A new program at the Auburn Police Department will post the photos of people who are caught shoplifting in Auburn stores. Bold initiative, I guess, but what do you do about the people who are ultimately not convicted of the crime? In the matter of fairness, I say the program organizers be required to pose for photos in their underpants.

Throwing hands

I swear that on a recent hot afternoon, I spotted two shirtless gangsta types playing Pat-a-Cake on a Walnut Street sidewalk in Lewiston. I mean, maybe it’s some esoteric form of street code, but to me it looked like that hand-clapping game little girls play in schoolyards. Kind of makes me want to chalk a hopscotch grid in the middle of Bartlett Street to see who will use it.

‘Scientists discover ghost particles from distant galaxy’

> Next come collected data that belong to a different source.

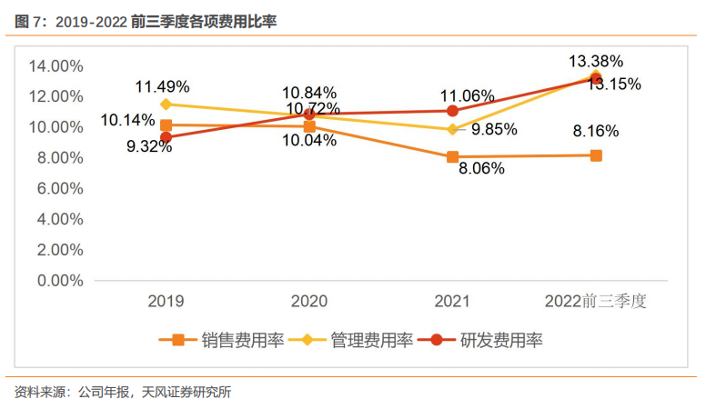 公司各项费用率较低,研发投入提高公司竞争力。2019-2021年公司费用管控良好,三项费用率合计保持在30%左右,随着管理与销售模式的不断成熟,销售费用率与管理费用率总体上呈下降趋势,销售费用率由10.14%下降到8.06%,管理费用率由11.49%下降到9.85%。公司研发投入占比加大,2019-2021年公司研发费用率逐年提高,三年分别为9.32%、10.84%、11.06%,公司加大研发力度有助于提升产品竞争力,形成良好的创新生态。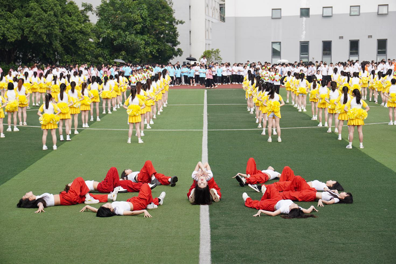 和风拂面,旌旗飞扬,接下来,由软件与人工智能学院带来《舞动青春》的团体表演,在动感的音乐中,红旗飘扬,巨龙舞动,青春洋溢的舞步为全校师生呈现了一场视觉盛宴;绿茵场上,参加《奋斗青春》广播体操比赛的同学们动作整齐划一、活力四射,展现了团队精神;最后由校舞蹈队和管理学院带来的舞蹈《律动青春》以整齐的队形,精彩的表演,焕发出朝气蓬勃的精神面貌。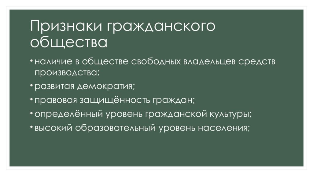 наличие в обществе свободных владельцев средств производства; развитая демократия; правовая защищённость граждан; определённый уровень гражданской культуры; высокий образовательный уровень населения;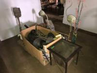 (3) Folding Chairs<br/>Ornamental Garden Clock<br/>(2) Ornamental Garden Plastic Trees<br/>(10) Bamboo Torch Holders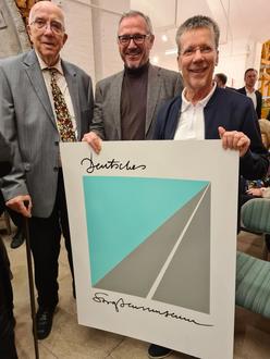 Bürgermeister Marcus Schaile (Bildmitte) zusammen mit Jürgen Menge (1. Vorsitzender des Trägervereins des Deutschen Straßenmuseums) und dem Ehrenmitglied des Trägervereins Hans Dieter Schönborn (links im Bild). In Händen halten sie ein Plakat mit dem Logo des Deutschen Straßenmuseums, welches Hans Dieter Schönborn zur offiziellen Namensgebung des Museums im Jahr 1995 entworfen hatte.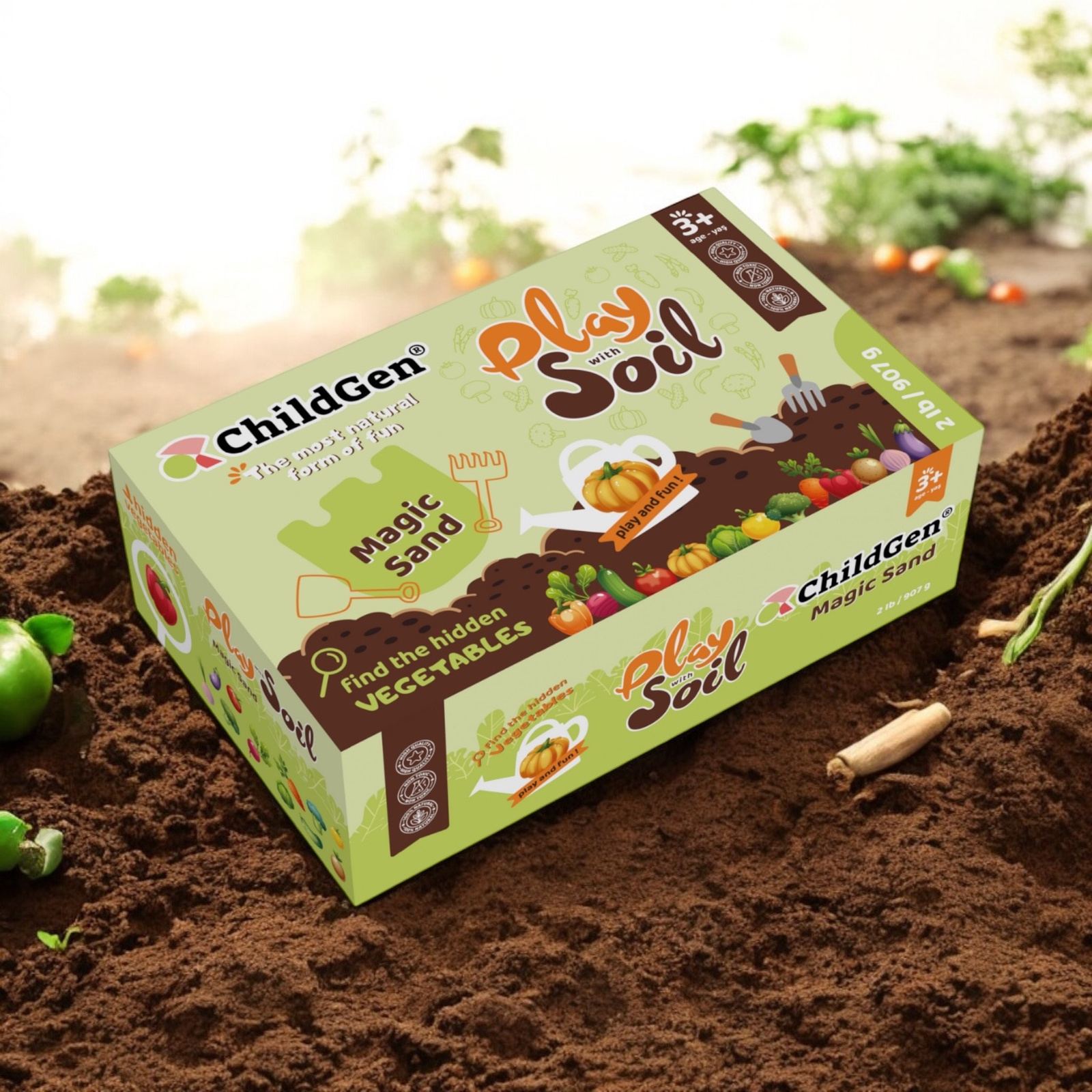 ChildGen, Piasek kinetyczny Mały ogrodnik, gleba z warzywami 100% naturalny, 907g w pojemniku

For the love of God, don’t look at them!

Weird scenes on Pine Street

You guys are going to think I’m totally making this up, but I swear it’s true. At about 5:45 p.m. on Thursday, the designated bicycle lane on Pine Street in Lewiston was occupied by an actual bicyclist. I know! It’s crazy! What’s next? People crossing the street in crosswalks? I’m pretty sure this is the very first time I’ve actually seen a bicyclist using one of the lanes created a few years ago for that very purpose. I would have filmed it with the GoPro but I was just too stunned to press the button. This world is just full of wonders.

Maybe they forgot to take the lens cap off

Spotted a film crew trawling through downtown Lewiston Thursday afternoon with what appeared to be top-shelf camera equipment. They were mostly just talking to sidewalk dwellers about political issues, but I tell you if they captured footage of that Pat-a-Cake action, I’m gonna be steamed.